3. Platform or Upside-down Pyramid

Layer three or more pieces of wood on the ground. Add three or more on top perpendicularly until the platform reaches at least three layers. Place tinder and kindling and start creating fire.

4. Lean-to Method

A lean-to fire will shield your flames from the winds during gusty weather. One easy way to build one is to lay a large log on the ground, covering your tinder against the wind. Once your tinder catches fire, lean your kindling against the log and wait until it slowly burns.

Lean-to method

The fire will burn the firewood downwards since it started from the top of the platform. This setup is ideal for cooking – you can place your pots directly on the coal bed.

How to Start a Campfire with Wet Wood

Starting a campfire after a downpour can pose some challenges. Fear not! Following our doable tips, you can start a fire with wet wood. This will ensure you can stay warm and cook meals while enjoying the outdoors.

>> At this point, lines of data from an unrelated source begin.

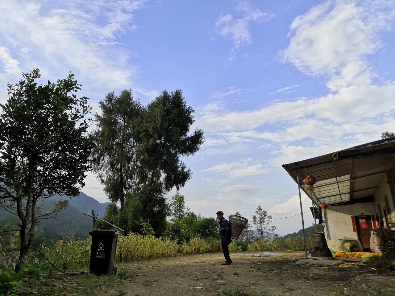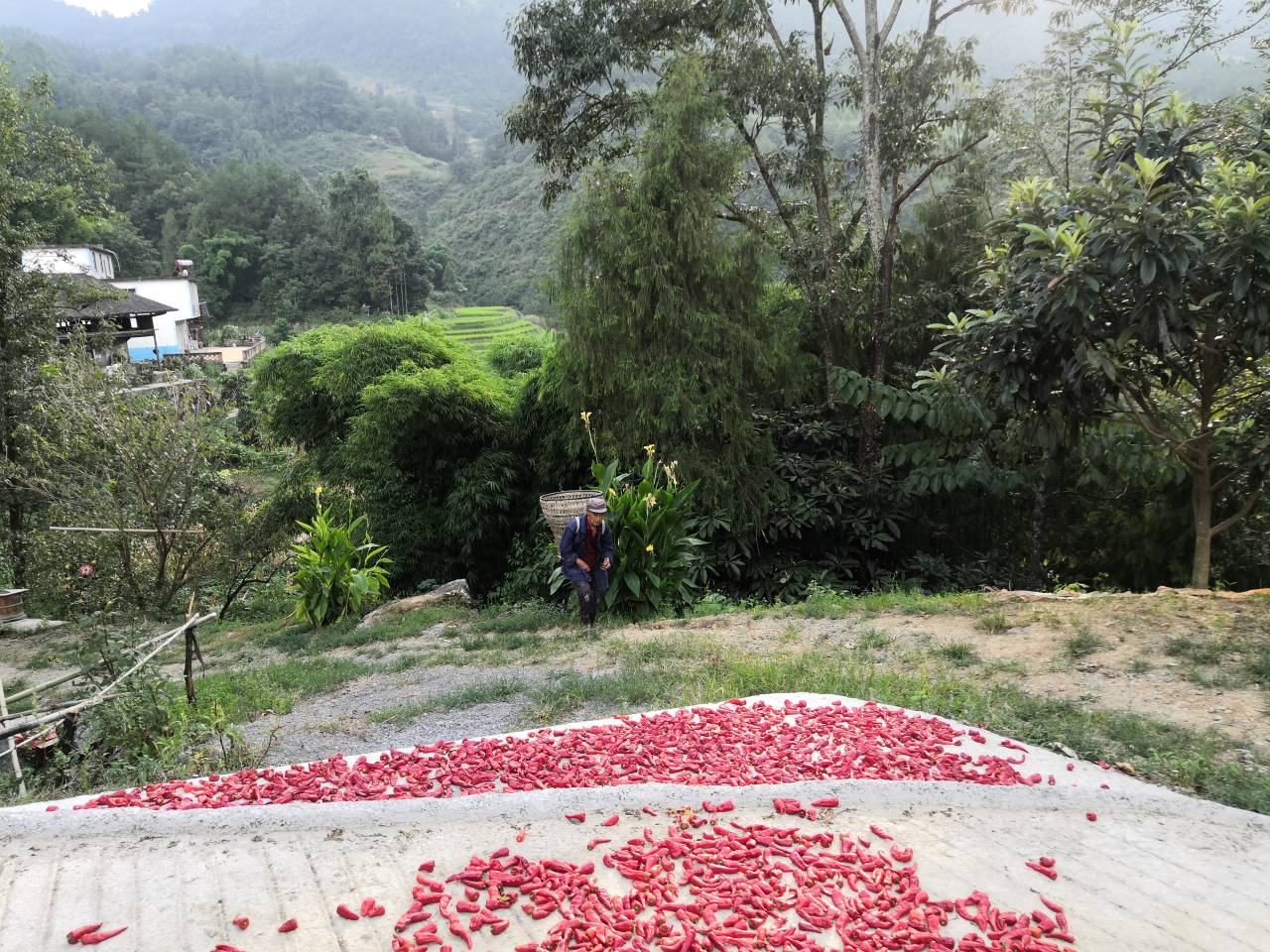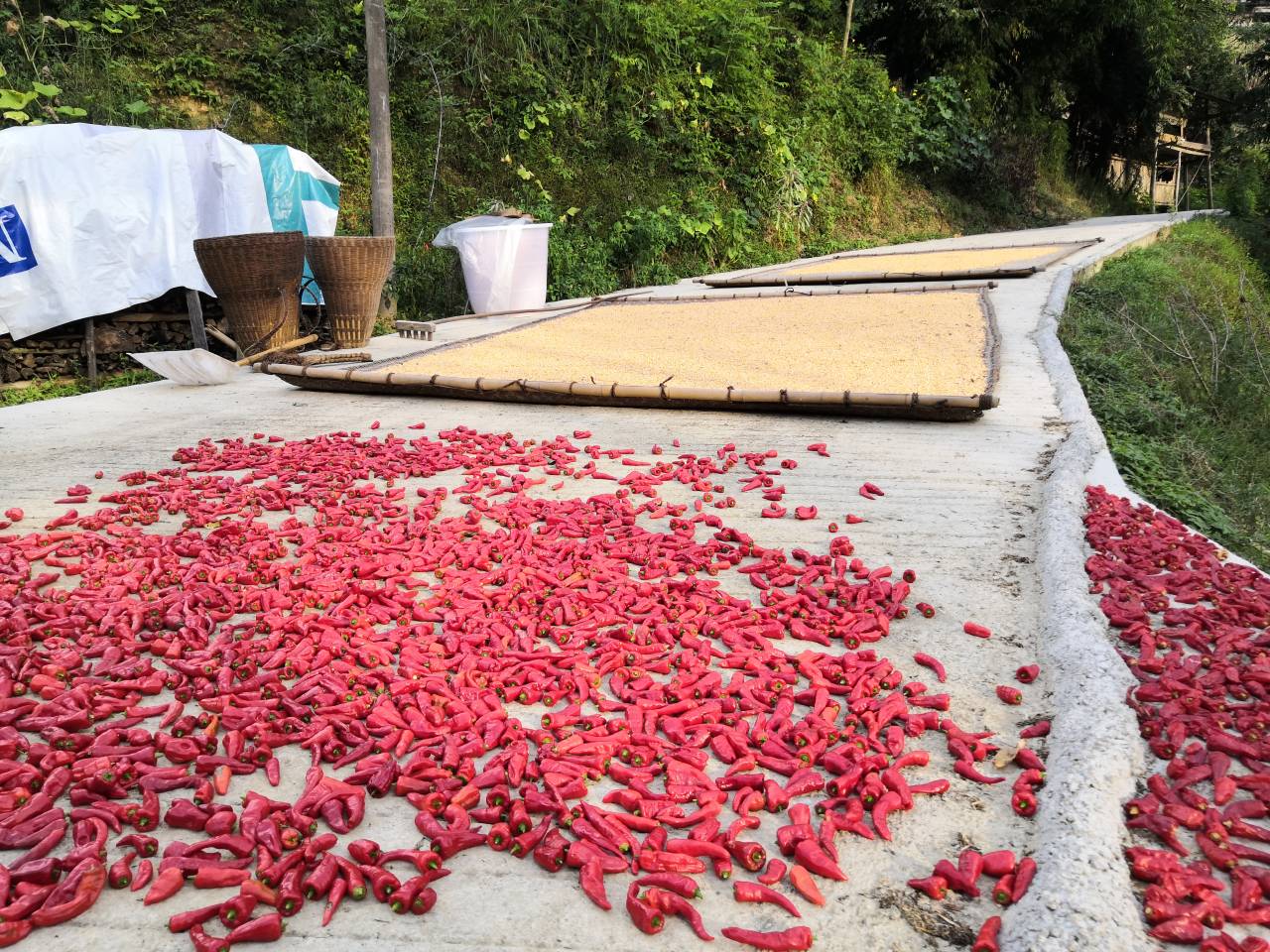 晴天的午后,一切都显得那么慵懒,微风吹拂过来,夹杂着的是瓜果清香。我在路上遇到了一位背着背篓的老爷爷,背篓里装满了辣椒。有了上午踏出采访第一步的勇气,这一次我不假思索地上前询问这位老爷爷,他笑着对我说,今年好啊,粮食够吃,还是咱国家政策好啊,咱老百姓也越来越好啊,这一年到头就盼着粮食丰收。说完后又大笑起来,每条皱纹里都洋溢着笑意。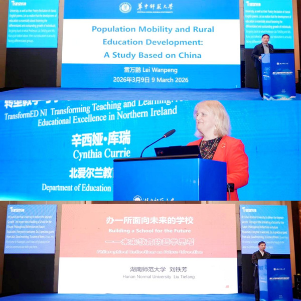 本次学术交流会设置主旨报告与平行论坛两个板块,共举行3场主旨报告、2场平行论坛及17场专题发言,汇聚湖北-北爱尔兰两地教育智慧为基础教育发展建言献策。湖南师范大学刘铁芳教授以教育哲学视角,系统阐释未来学校的形态特征与发展路径;北爱尔兰教育部辛西娅·库瑞分享了北爱以教学转型推动教育卓越发展的实践经验;华中师范大学雷万鹏教授立足人口流动时代背景,剖析我国乡村教育发展的机遇与挑战,为与会者提供了多元理论与实践参考。交流间隙,我校音乐舞蹈学院、外国语学院学生带来实习实践成果展示与经典英文诗歌朗诵,以艺术与语言为载体营造浓厚的人文交流氛围。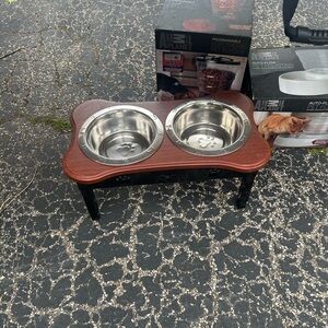 Elevate your pet's dining experience with this stylish feeding station. Features two stainless steel bowls and a wooden stand. Perfect for cats or dogs.

1. Keep your Fire off the Wet Ground

Fire pits tend to collect water after heavy rain, so elevating your platform with rocks or logs would be best. This will also allow air to flow, which helps start fires with wet wood.

A fire pit next to two camping chairs

2. Peel off Wood Barks

Shave or peel away wood barks to expose the kindling’s dry layer. Split twigs into pieces instead of whole sticks for kindling because the wood’s inner layer quickly catches fire.

3. Gather Pine Needles and Dried Wood Shavings for Tinder

Dry pine needles, bark, and dry wood shavings are highly flammable because of their sap. If these aren’t available, you can use toilet paper, cotton balls, and the like as a fire starter.

gather wood shavings

4. Start Low

Start your fire low, and as it builds up, the heat from the fire will dry out the fuel wood as it rises. To let flames burn through the kindling, light your fire from the direction of the wind.

5. Place Firewood in a Criss-cross Pattern

Lean the kindling against each other to form a tepee shape around the tinder, making sure the dry side faces the tinder. This pattern helps build fire upward, away from the wet ground.

criss-cross pattern campfire

Lay two dry pieces of wood with the tepee kindling in between, leaving a small space between them for airflow. Stack additional pieces of firewood above the first layer. Keep adding more tinder until the kindling and wood begin to burn.

The Importance of Impact Fires

As campers, we should always do everything we can to adhere to the Leave No Trace policy, which includes starting low-impact fires only as required. The easiest way to do this is to use a fire ring previously started by someone else or set up by the regional parks service.

Campsite Fire Ring

A fire ring should only be used in an emergency in the backcountry areas where fires are permitted. If you need to make a fire ring, dismantle it as soon as you’re done so you don’t tempt others to use it after you.

Fires can devastate the wilderness and the animals living there, so it’s essential to always follow campfire safety precautions and camp ethically.

An Essential Camping Skill

Just as important as learning how to build a campfire is learning how to properly extinguish it, and this needs to be a top priority for the camper.

Leaving a burning fire seriously harms the surrounding wildlife, wilderness, and other campers, so you need to pour water over the fire, stir the ashes, and then pour another lot of water on top to be sure it’s completely out.

Fire can have many benefits outdoors, provided we follow ethical camping guidelines and only make fire for the right reasons. By respecting the principles set out for campers by policies such as Leave No Trace, you can ensure you maintain the outdoors for many future generations of campers.